Nachdem unter der glücklichen Führung unseres Fürsten der papistische Unrat abgelegt worden ist, bewohnt der segenspendende (neue) Glaube unsere Häuser. Was aber dem frommen Volk, was dem Rat am Herzen liegt, daß nämlich die Ehre der empfangenen Religion wachse, das zeigt dieses Werk, das mit großem Aufwand erbaut ist und sowohl die Welt als auch Gott ergötzt. Der du, Erlöser, uns aufträgst, kunstreiche Instrumente zu bauen, mach uns, Christus, zu Instrumenten deiner Königsherrschaft! Magister Heinrich Meibom hat dies gedichtet. (B)
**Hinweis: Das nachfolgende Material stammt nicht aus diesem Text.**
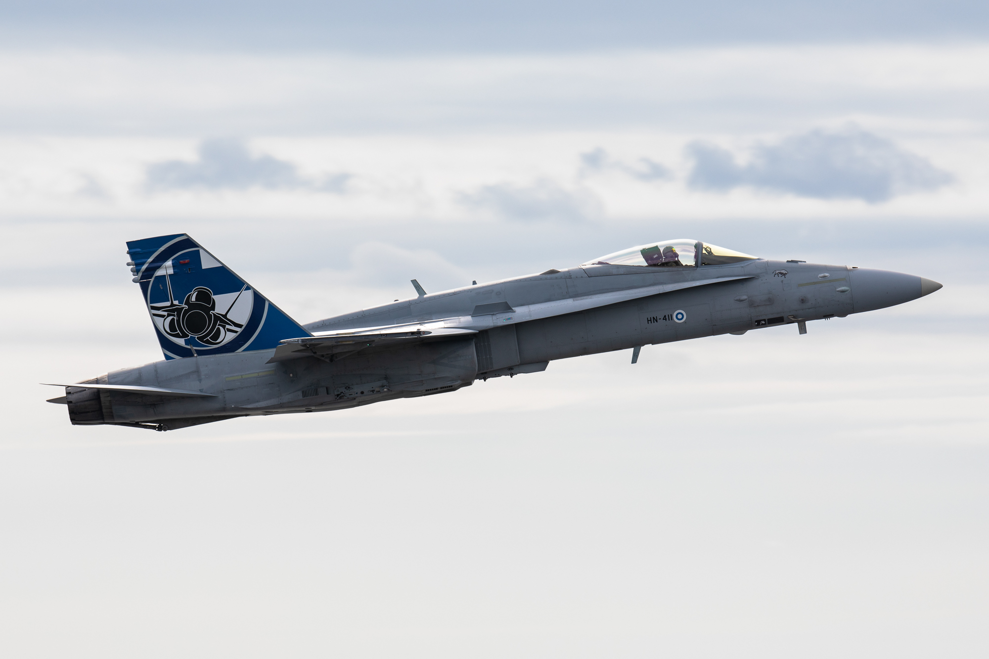 Nyt kyseessä on siis ensimmäinen kerta, kun Ilmavoimien ensilinjan hävittäjä esiintyy Suomessa virallisessa erikoisvärityksessä. Syyskuussa 2022 ilmavoimien Hornet-solo nähtiin samanlaisissa erikoisteippauksissa Tšekissä NATO Days in Ostrava & Czech Air Force Days -tapahtumassa. Tuolloin koneyksilönä oli HN-421. Aiemmin Horneteissa on nähty Krevi von Rosen -teksti (HN-457) sivuvakaajassa sekä pieniä laivuetunnuksia eturungossa. Ne ovat kuitenkin pysyviä merkintöjä eivätkä varsinaisia erikoismaalauksia.

Versmaß: Elegische Distichen (B).

Kommentar

Der Verfasser von Inschrift B, Heinrich Meibom d. Ä. (1555–1625)3), erwarb 1580 den Magistergrad an der Universität Helmstedt und wurde 1583 ebenda zum Professor für Dichtkunst und Geschichte ernannt. Ein Beleg dafür, daß er auch nach 1583 seine Gedichte weiterhin nur mit dem Magistertitel, wie in Inschrift B, unterzeichnet, hat sich nicht finden lassen. Das Gedicht dürfte also zwischen 1580 und 1583 verfaßt sein, eben um die Zeit, als sich auch die Orgelempore in der Planung bzw. im Bau befand (vgl. Nr. 87). Die gesamte Baumaßnahme diente der repräsentativen Umgestaltung der Stadtkirche St. Stephani auch zur Universitätskirche. Anders als bei der Empore Nr. 87 scheinen allerdings hier nach dem Wortlaut des Meibomschen Gedichtes Gemeinde und Rat der Stadt (plebs, senatus) für die Finanzierung aufgekommen zu sein. Neben dem Hinweis auf den heiligen Zweck der Orgel gehört die Nennung des Stifters zu den Bestandteilen Meibomscher Orgelinschriften4).

Anmerkungen

  1. Dazu E. Bittcher, Orgelbauer an St. Stephani. In: Festschrift St. Stephani Helmstedt – Orgelweihe: 25. Mai 1975 – 825-Jahr-Feier: 1. Juni 1975. (Hg. vom Kirchenvorstand St. Stephani, Helmstedt 1975, ohne Seitenzahl).
  2. Böhmer, Inscriptiones, S. 27 hat sie durch den Zusatz DISTICHA ORGANIS QVAE VOCANT musicis inscripta als Orgelinschrift gekennzeichnet. Die von Querner überlieferte Inschrift dürfte nach dem gleichen Zusatz, gleicher Zeichensetzung und Orthographie nur eine Abschrift von Böhmer sein, so daß Querner als Zeuge für das Vorhandensein der Inschrift noch um 1850 kaum in Frage kommt.
  3. Zu ihm NDB 16, 1990, S. 629f.
  4. So in der Inschrift für die Orgel des Klosters Mariental, Landkreis Helmstedt. Erstveröffentlichung durch Meibom in: Ders., Parodiarum Horatianarum libri duo. Item sylvarum libri duo, Helmstedt 1588, dort sylvarum liber primus, S. 29. Zur Marientaler Inschrift vgl. Wehking/Wulf, Inschriften und Graffiti, Nr. 36. Eine Veröffentlichung der Orgelinschrift von St. Stephani durch Meibom läßt sich nicht nachweisen.

Nachweise

  1. Böhmer, Inscriptiones, S. 27.
  2. Querner 2 (nach Böhmer?).

Zitierhinweis:
DI 61, Stadt Helmstedt, Nr. 86 (Ingrid Henze), in: www.inschriften.net, urn:nbn:de:0238-di061g011k0008606.